**WORK TO COMPLETE**
The full listing, excluding its pictures, should be printed exactly as it stands.
-- THE DATA follows --
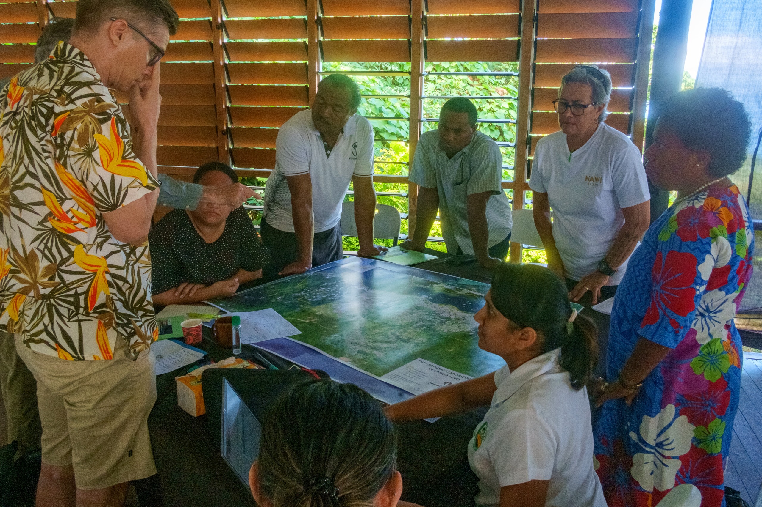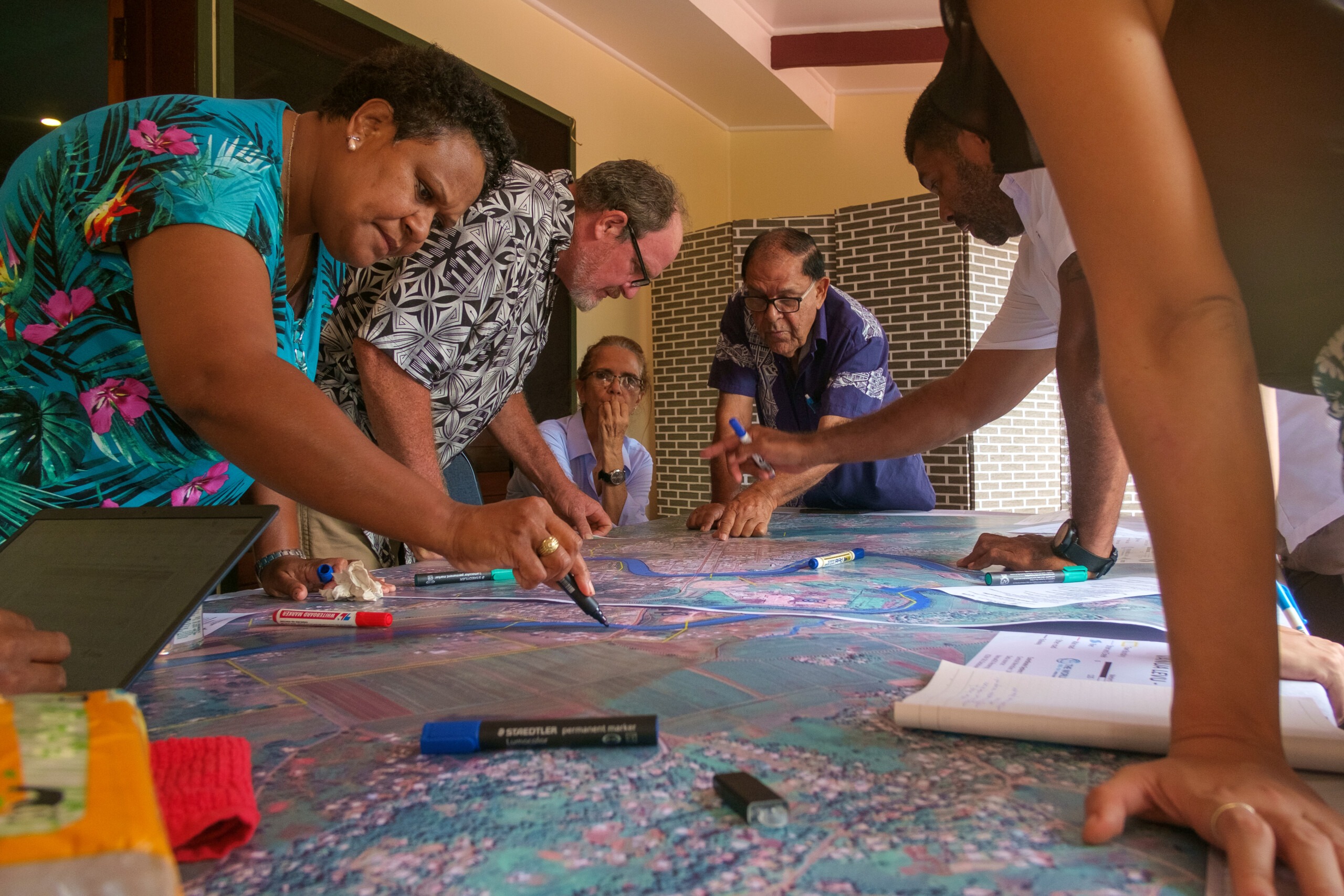 The ICEM team completed five participatory mapping workshops with stakeholders who had in-depth knowledge of local biodiversity hotspots, and sustainable tourism activities and opportunities. Three were held with government representatives, non-government organisations and private sector stakeholders in Suva, Labasa and Savusavu. Stakeholders were asked to draw and annotate areas of tourism, environmental and conservation interest in their relevant municipality, and in the wider Northern Division, on high-resolution A0 satellite images.
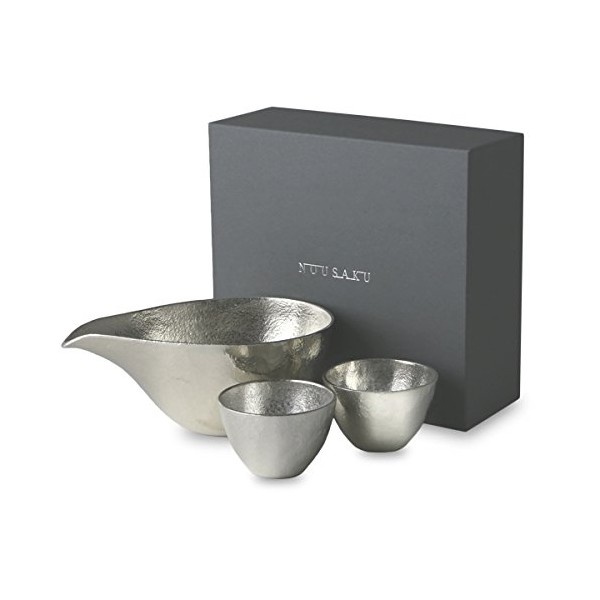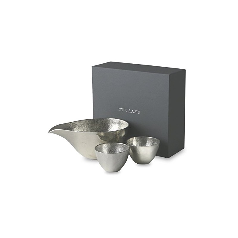 Nousaku Sake Set Guinomi, 2 Tin, Large Tin Katakuchi
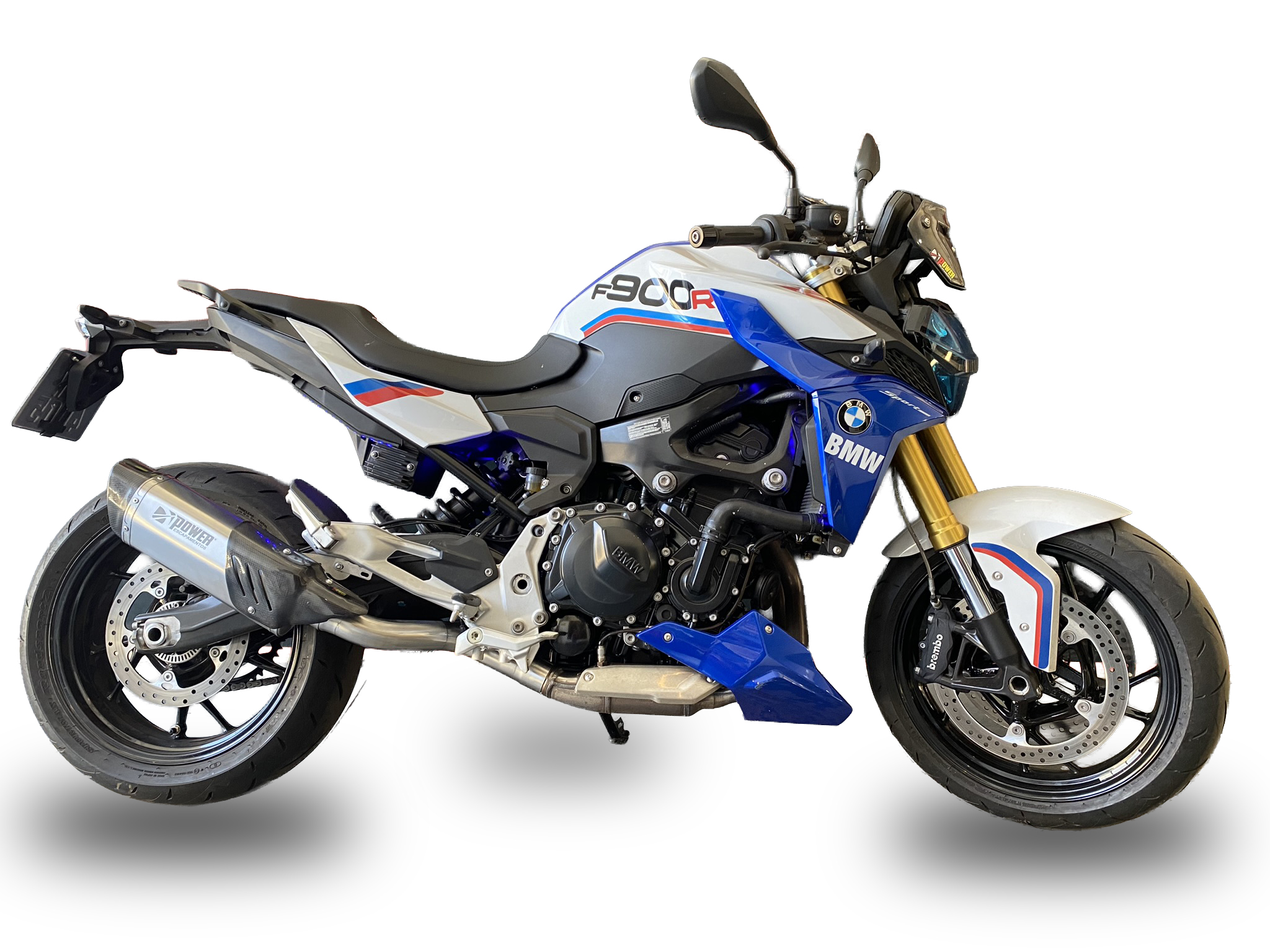 Escapamento Power com Ponteira modelo PW21 em aço INOX e bico em Fibra de Carbono + Link em Inox para BMW F900
-- THE DATA concluded --
**SOLUTION**
 The ICEM team completed five participatory mapping workshops with stakeholders who had in-depth knowledge of local biodiversity hotspots, and sustainable tourism activities and opportunities. Three were held with government representatives, non-government organisations and private sector stakeholders in Suva, Labasa and Savusavu. Stakeholders were asked to draw and annotate areas of tourism, environmental and conservation interest in their relevant municipality, and in the wider Northern Division, on high-resolution A0 satellite images.
 Nousaku Sake Set Guinomi, 2 Tin, Large Tin Katakuchi
 Escapamento Power com Ponteira modelo PW21 em aço INOX e bico em Fibra de Carbono + Link em Inox para BMW F900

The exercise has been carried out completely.